Task instructions: In the entries below, which lines run from the one with "Súčasťou balenia je" through the one with "Sobrado entregue mobiliado"? Repeat exactly those, both included, and no pictures.

Records for this task:
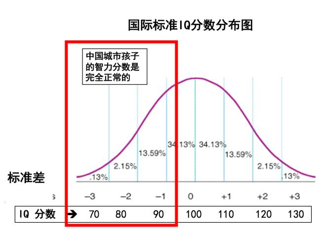 但是我觉得更严重的,最大的,没有人知道的问题,是小学之前,认知能力低下的问题,而且这是0到3岁的婴儿阶段就开始的。 我不知道大家知不知道“1000天假设”,“1000天假设”非常简单——我们的脑子,我们的认知,我们的IQ,90%是0到3岁的发育决定的。 3岁之后有很多其他能力的发展,你的非IQ能力会发挥出来。但是到了3岁,基本上我们的脑子已经定型了,不能再提高,或者说很难再提高了。 James Heckman,他是美国的经济学家、诺贝尔奖获得者,他算出来,国家和家庭投资0到3岁,回报率是最高的。 在0-3岁,你投资1块钱,有18块钱会回来; 3到4岁投资1块,是7块钱的回报; 小学是3块钱; 大学里投资1块钱是1块钱的报酬; 成人是负的。 城市的家庭花很多钱给他们0到3岁的孩子。这个是城里的IQ的分布,这是智力分数低于90,也就是智力发展慢的学生的百分比。
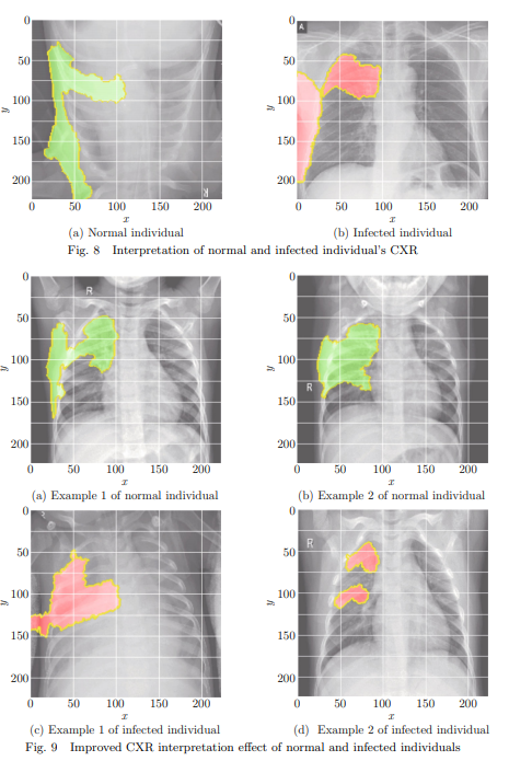 - 해석 가능성 연구를 통해 의사들이 COVID-19 감염 여부를 판단하는 데 도움을 주고, "AI 의사"가 CXR에서 감염 가능성이 있는 위치를 식별하고 의사들에게 진단 지원을 제공.
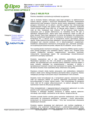 Elpro.com.pl: ul. Legionów 93/95, 91-072 Łódź www: www.elpro.com.pl e-mail: [email protected] tel: (42) 664-06-00 NOVITUS BONO APTEKA E Cena 2 490,00 PLN Pomimo niewielkich rozmiarów jej możliwości są ogromne. Kategorie Drukarki apteczne Drukarki z kopią elektroniczną Drukarki stacjonarne Jest to drukarka fiskalna realizująca zapis kopii paragonu na elektronicznym nośniku danych, zgodnie z wytycznymi Ministerstwa Finansów. Zastosowanie elektronicznej kopii paragonu znacznie obniża koszty eksploatacji urządzenia, paragony drukowane są na jednym, szerokim papierze bez równoczesnego zadrukowywania drugiej rolki papieru kopią. Rolki kopii wydruków użytkownik musiał przechowywać przez kilka lat, co zajmuje sporo miejsca a czytelność rolek po kilku miesiącach była znikoma. W tej drukarce kopia wydruku zapisywana jest w sposób elektroniczny na niewielkiej karcie SD (jak w aparatach fotograficznych). Jedna karta może wystarczyć nawet na kilka lat pracy drukarki. Dane kopii zapisanych na karcie są dostępne dla użytkownika. Można je wydrukować bezpośrednio na drukarce, lub odczytać w standardowym komputerze PC. Z danych tych na komputerze można sporządzać żądane raporty. Dzięki elektronicznej kopii zakładanie i wymiana papieru w mechanizmie drukującym jest znacznie prostsze, niż w dotychczasowych urządzeniach. Dodatkowo zastosowanie mechanizmu drukującego typu „clamshell” powoduje, że ta operacja jest dziecinnie prosta, odbywa się na zasadzie: „wrzuć i pracuj”. Ten wysokiej jakości mechanizm drukujący, znanej firmy SEIKO, bardzo szybko i cicho drukuje paragony oraz niezbędne raporty i faktury VAT. Program pracy drukarki inteligentnie zarządza „zagęszczaniem” wszystkich wydruków, maksymalnie oszczędzając papier, nie pozostawiając niezadrukowanych powierzchni pomiędzy wydrukami. Drukarka wyposażona jest w dwa niebieskie wyświetlacze graficzne. Wyświetlacz operatora ma 132 x 32 piksele a wyświetlacz klienta 132 x 64 piksele. Na wyświetlaczach tych drukarka bardzo dokładnie informuje kasjera o pracy drukarki, ułatwiając mu programowanie i sprzedaż, a klienta o sprzedawanych towarach, cenach oraz wartościach do zapłaty. Na wyświetlaczu dla klienta drukarka może wyświetlać teksty reklamowe oraz grafikę. Klawiatura drukarki działa bardzo precyzyjnie, jest podświetlana niebieskimi diodami, dzięki czemu obsługa klawiatury jest bardzo łatwa i przyjemna. Klawisz nawigacyjny pomaga w poruszaniu się po rozbudowanym menu drukarki. Drukarka może komunikować się z komputerem poprzez nowoczesne złącze USB lub tradycyjne RS232 za pomocą najbardziej popularnego protokołu komunikacyjnego w Polsce. Nazwa towaru / leku drukowanego na paragonie może mieć do 40 znaków alfanumerycznych, na jednym paragonie można wydrukować nawet do 255 pozycji sprzedaży. Pełna kompatybilność z najpopularniejszymi programami aptecznymi na rynku pozwoli w pełni wykorzystać funkcje konieczne w aptekach. Drukarka w obsługuje wszelkie, konieczne w aptece wydruki apteczne: refundacje, opis recepty, zamówienie na lek robiony, receptura leku itp. Drukarka posiada bardzo szeroką gamę wydruków niefiskalnych, które można wykorzystać do drukowania potwierdzeń, zestawień i innych dokumentów, koniecznych do funkcjonowania sklepu / firmy bez konieczności stosowania dodatkowych drukarek. Projekt i wykonanie wydruku: Logisoft Drukarka wspiera akceptację kart płatniczych, jest możliwa współpraca z pinpadem, oraz systemami lojalnościowymi, a potwierdzenia płatności kartą, lojalnościowe lub zakupu pre-paid’a drukowane są na mechanizmie drukarki http://www.logisoft.pl/ +48 42 235 41 51 Strona 1 z 3 fiskalnej. Dzięki zastosowaniu dwóch portów: PC i PC2 drukarka pozwala na sprzęgnięcie ze sobą różnych aplikacji, bez konieczności wykonywania w nich jakichkolwiek przeróbek. Jedna aplikacja (np. program sprzedaży) wysyła paragony poprzez port PC, a druga (np. system monitorujący albo system lojalnościowy) może je odczytywać z portu PC2. Istnieje możliwość zdefiniowania obu tych portów tak, aby drukarka była podłączona do komputera jednym kablem USB. Drukarka posiada awaryjne zasilanie akumulatorowe. Dzięki niemu, w przypadku braku zasilania zewnętrznego można drukować paragony (np. z laptopa) oraz wykonać żądane raporty. Gniazdo karty SD – elektronicznej kopii paragonu – znajduje się od spodu drukarki i jest zabezpieczone specjalną zaślepką, przykręconą śrubką. W razie konieczności użytkownik może tą zaślepkę odkręcić i wyjąć kartę elektronicznej kopii. Cechy wyróżniające drukarkę BONO E: - Ergonomiczna obudowa z plastiku - Drukarka z elektroniczną kopia paragonu (brak drugiej rolki na wydruk kopii) - Zapis elektronicznej kopii na karcie SD, dostępnej dla użytkownika - Dostęp do danych zapisanych na karcie SD z poziomu drukarki (z możliwością wydruku) - Dostęp do danych zapisanych na karcie SD z komputera z możliwością ich przeglądania, raportowania, kopiowania i archiwizowania - Dostarczony wraz z drukarką program komputerowy do odczytu danych z karty SD z funkcją raportowania i wyszukiwania oraz do odczytu danych z pamięci fiskalnej z wykonaniem autoryzowanego raportu okresowego i miesięcznego fiskalnego - Zaawansowane zarządzanie energią - Wydajny wewnętrzny akumulator - Graficzne, niebieskie wyświetlacze LCD dla kasjera i klienta. Wyświetlacz klienta: 132x64 piksele, kasjera 132x32 piksele - Podświetlana klawiatura, - Złącza komunikacyjne RS232 oraz USB - Współpraca z większością programów aptecznych przy użyciu najpopularniejszego protokołu komunikacyjnego na rynku - Nazwa towaru / leku do 40 znaków - Nawet do 255 pozycji sprzedaży na jednym paragonie - Szybki wydruk - Jeden mechanizm clamshell – bardzo łatwa i szybka wymiana papieru, brak konieczności wymiany kopii paragonu - Zaawansowany system oszczędzania papieru (brak niezadr
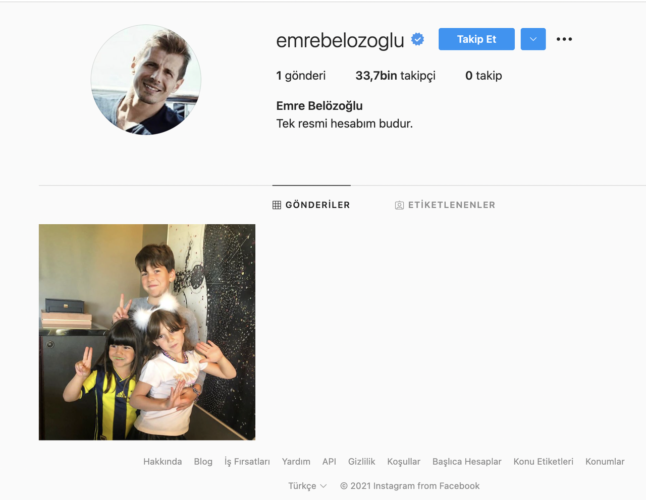 Fenerbahçe'deki teknik sorumluluk görevinden ayrılan eski futbolcu Emre Belözoğlu, sosyal medya platformu Instagram'da resmi hesap açtı. Hesabının açıklama kısmına "Tek resmi hesabım budur" ifadesini ekleyen Belözoğlu'nun hesabı, kısa sürede 33 bin takipçiye ulaştı.
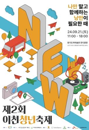 이천시는 청년의 날을 맞이하여 오는 9월 21일(토) 경기도자미술관 앞 잔디광장에서 제2회 이천청년축제(부제: 뉴개념)를 개최한다고 밝혔다.
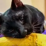 He tucked his head under the black cat’s chin.
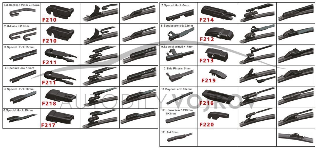 Súčasťou balenia je desať adaptérov, ktoré zaručia možnosť pripojenia na akýkoľvek druh ramienka stierače.
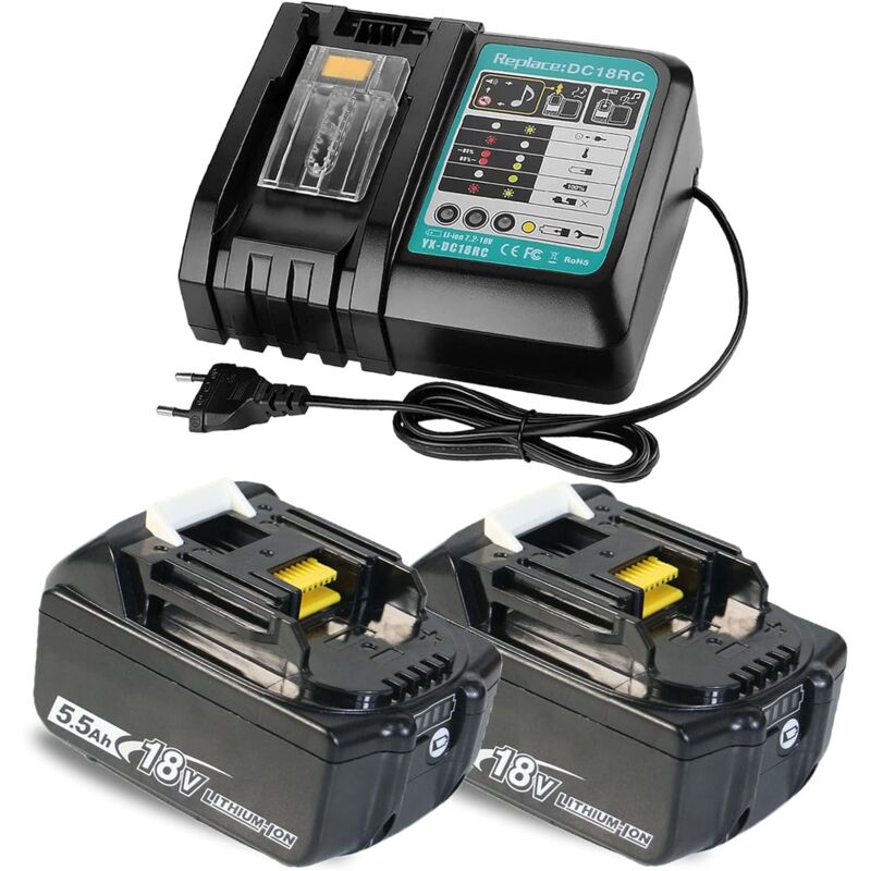 Teetok - 18v 5.5ah Batteria , Con Schermo Led Bl1850 Bl1840 Bl1860 ...
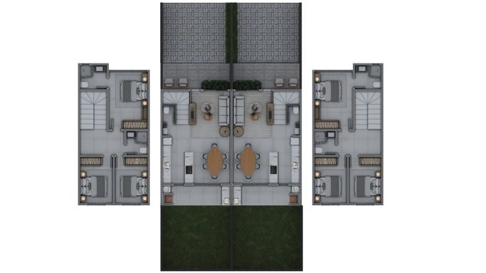 Sobrado entregue mobiliado com arquitetura moderna, 3 dormitórios, sendo 1 suíte; lavabo e banheiro social, sala de estar, cozinha e sala de jantar; churrasqueira e área de serviço.
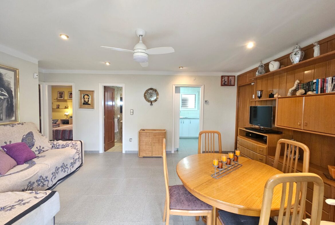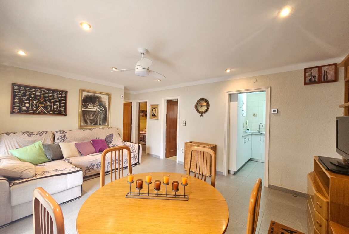 Este encantador piso de 2 habitaciones ( uno de ellos con salida a un patio interior ) y un baño se encuentra en una ubicación privilegiada, a tan solo 50 metros de la playa de Canyelles. La vivienda destaca por su ambiente acogedor y funcional, ideal tanto como residencia permanente como para disfrutar de una escapada de verano.El piso cuenta con una espaciosa terraza de 14 m², perfecta para relajarse y disfrutar de momentos al aire libre. Desde la terraza se pueden apreciar pequeñas vistas al mar, añadiendo un toque especial al entorno. La cercanía a la playa permite disfrutar de la brisa marina y el sonido relajante de las olas.Con una distribución bien aprovechada, este piso ofrece un equilibrio perfecto entre comodidad y estilo en una de las zonas más atractivas de la costa.Incluye parquing exterior !~
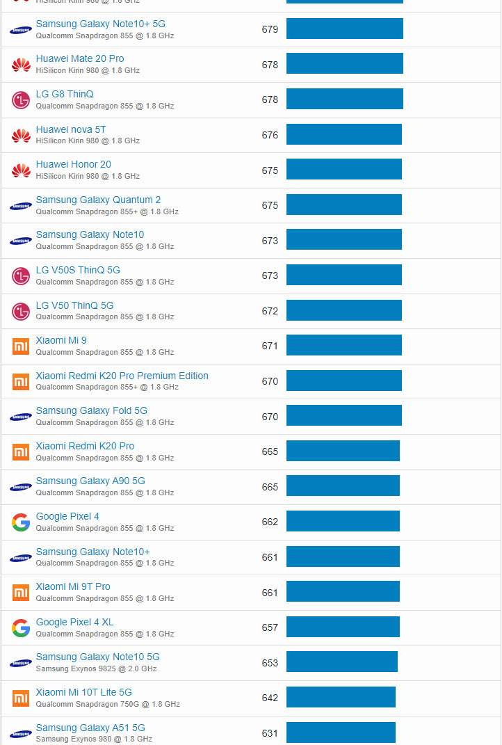 | 70 | Huawei Honor V30 Pro | HiSilicon Kirin 990 @ 2.0 GHz | 757 |
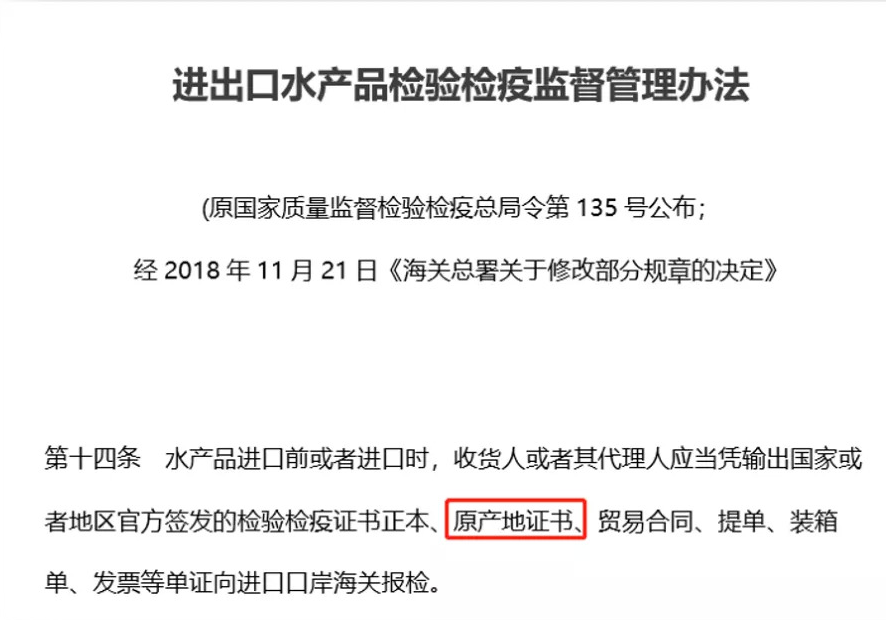 做进口水产品的商家都知道,除了一般的单证以外,还有几样东西缺一不可:出口国官方卫生证书、动植物检疫许可证(对于部分水产品),和原产地证书。因为这是《进出口水产品检验检疫监督管理办法》明文规定的:
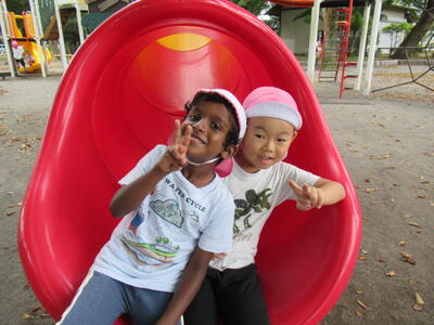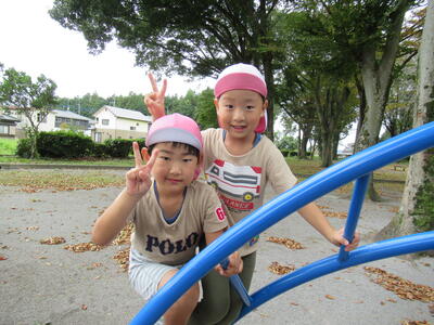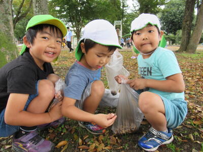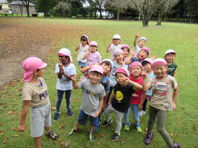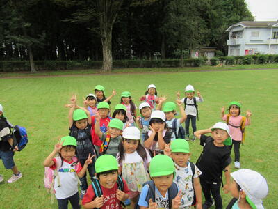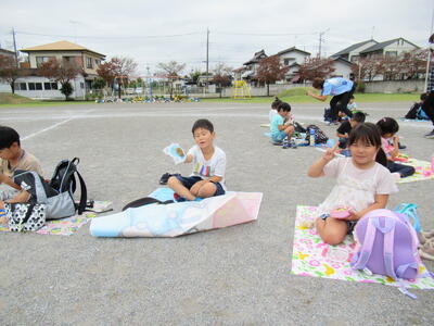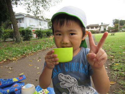 昨夜の雨で芝生が濡れていたので、手作りのお弁当は園に戻り園庭で食べました

The completed task:
 Súčasťou balenia je desať adaptérov, ktoré zaručia možnosť pripojenia na akýkoľvek druh ramienka stierače.
 Teetok - 18v 5.5ah Batteria , Con Schermo Led Bl1850 Bl1840 Bl1860 ...
 Sobrado entregue mobiliado com arquitetura moderna, 3 dormitórios, sendo 1 suíte; lavabo e banheiro social, sala de estar, cozinha e sala de jantar; churrasqueira e área de serviço.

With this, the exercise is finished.